Figure 6. Specific Euc1‐Slx5 interactions are required for ub‐hotspots and Euc1 ubiquitylation.

Figure 6

  1. Euc1 Slx5‐binding mutations impair Euc1 ubiquitylation. His‐ubiquitin‐modified proteins were enriched by denaturing NiNTA‐PDs as described in Fig 4E. 3FLAG‐tagged Euc1 constructs were expressed from plasmids under the control of the ADH promoter. NiNTA‐PD eluates were probed with FLAG and ubiquitin (P4D1) antibodies. Whole cell lysates (input) were probed with FLAG and Dpm1 antibodies. Asterisk denotes a non‐specific band.

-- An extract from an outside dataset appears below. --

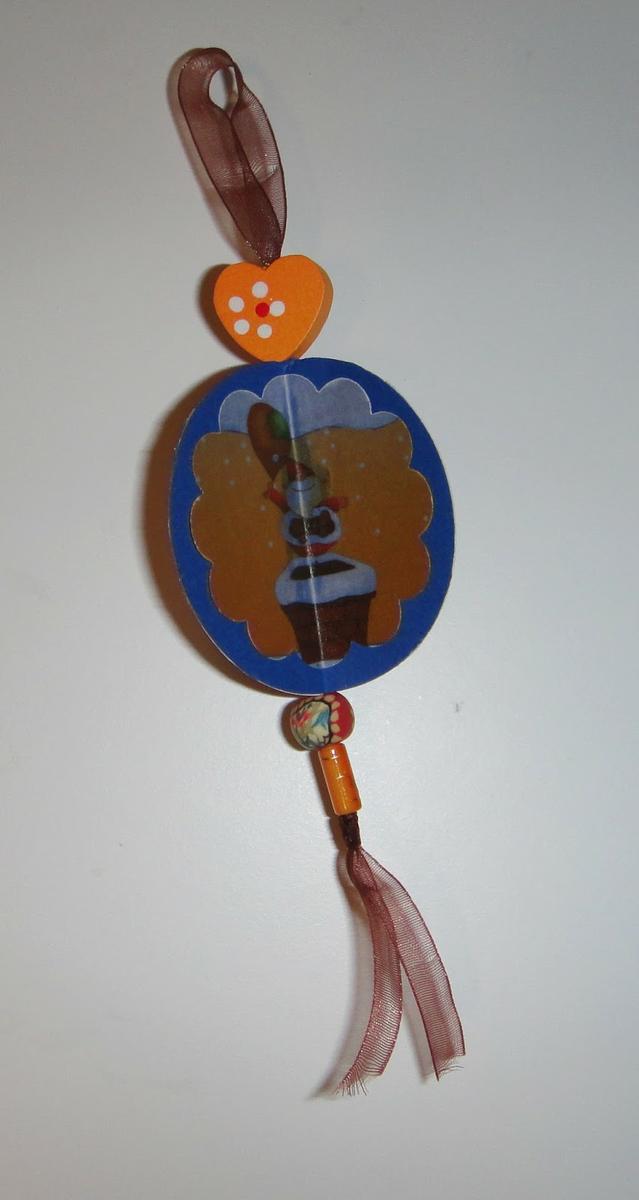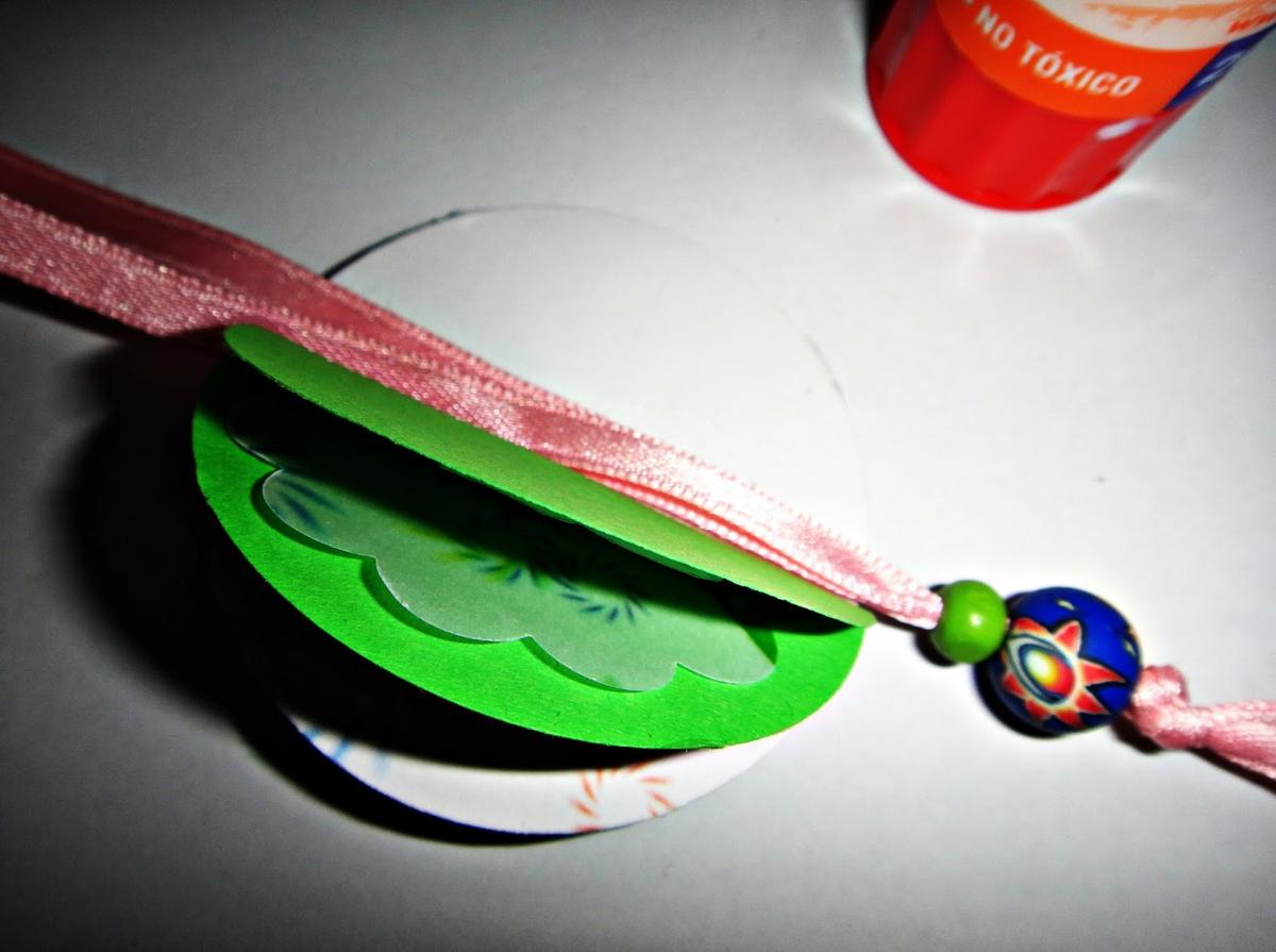 Cuando hayamos pasado uno o dos abalorios, hay que cerrar el adorno de cartulina, con la cinta en su interior. Colocamos la cinta lo más centrada posible y pegamos bien la cartulina.

  2. The Slx5‐SIMs and Slx5‐Md are required for Euc1 ubiquitylation. NiNTA‐PDs for His‐ubiquitin as in (A). All strains expressed wild‐type 3FLAGEuc1 from plasmids under the ADH promoter and His‐ubiquitin. Slx5 constructs were expressed from plasmids under the control of the endogenous promoter. WBs were probed as described in (A), and Slx5‐levels were probed using an HA antibody. Slx5‐SIM*: SIMs 1–4 were mutated as described (Xie et al, 2010); for SIM5, aa 477–479 (IIV) were mutated to alanines. To avoid possible mislocalization by deletion of the Slx5‐Md, which overlaps with a putative NLS (Westerbeck et al, 2014), an N‐terminal NLS was fused to all constructs. See Appendix Fig S7C for HU complementation.

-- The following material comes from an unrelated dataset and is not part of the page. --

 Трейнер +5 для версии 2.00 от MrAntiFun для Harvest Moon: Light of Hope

  3. Euc1 Slx5‐binding mutations (SBM1/SBM2) reduce/abolish ub‐HSs and recruitment of Slx5 to ub‐HSs. ChIP‐qPCR for ub‐K48 (top) or Slx5 (using Slx5 antibody, bottom) in euc1∆ ubx5∆ cells expressing the indicated constructs from plasmids under the control of the EUC1 promoter. Data represent means ± SD (n = 3). See also Appendix Fig S7E–G.

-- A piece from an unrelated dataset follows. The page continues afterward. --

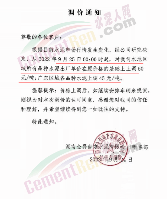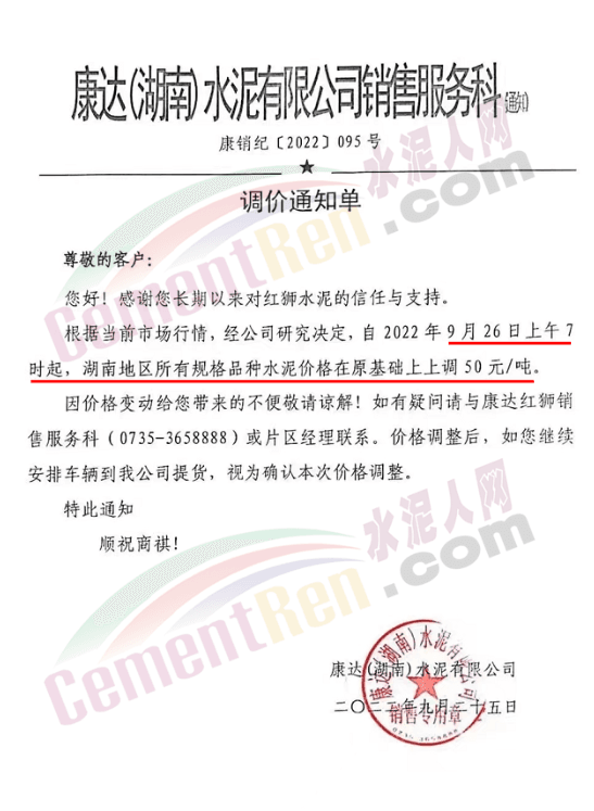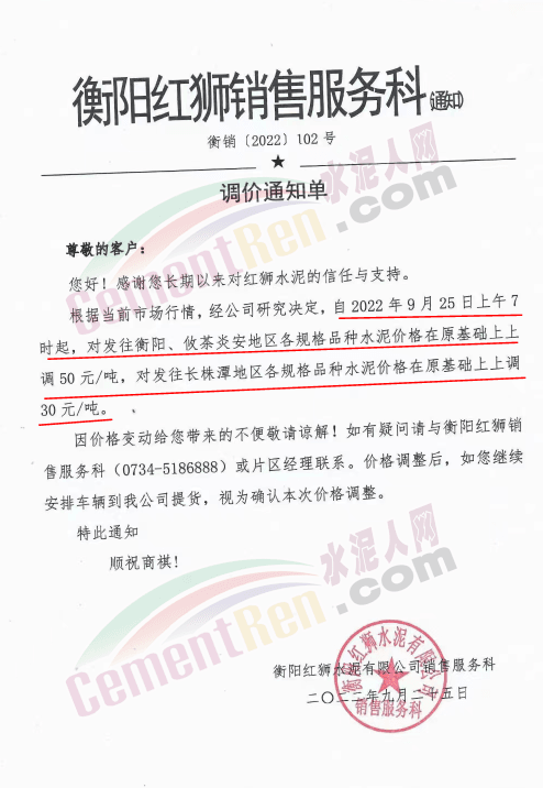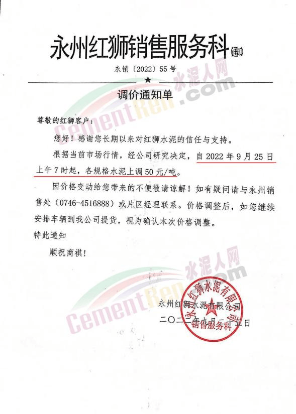 永州紅獅通知,9月25日上午7時起,各規(guī)格水泥上調(diào)50元/噸。

  4. Slx5‐SIMs and the Slx5‐Md are required for the formation of ub‐HSs and recruitment of Slx5. ChIP‐qPCR for ub‐K48 (left) or Slx5 (anti‐HA ChIP, right) in ubx5∆ cells or slx5∆ ubx5∆ cells complemented with plasmids expressing the indicated Slx5 constructs under the control of the SLX5 promoter. Data represent means ± SD (n = 2). See also Appendix Fig S7H.
  5. Schematic model for the proposed sequence of events at ub‐hotspots. See main text (Discussion) for details. SIM: SUMO‐interacting motif, Md: middle domain, S: SUMO, Ub: ubiquitin.

Source data are available online for this figure.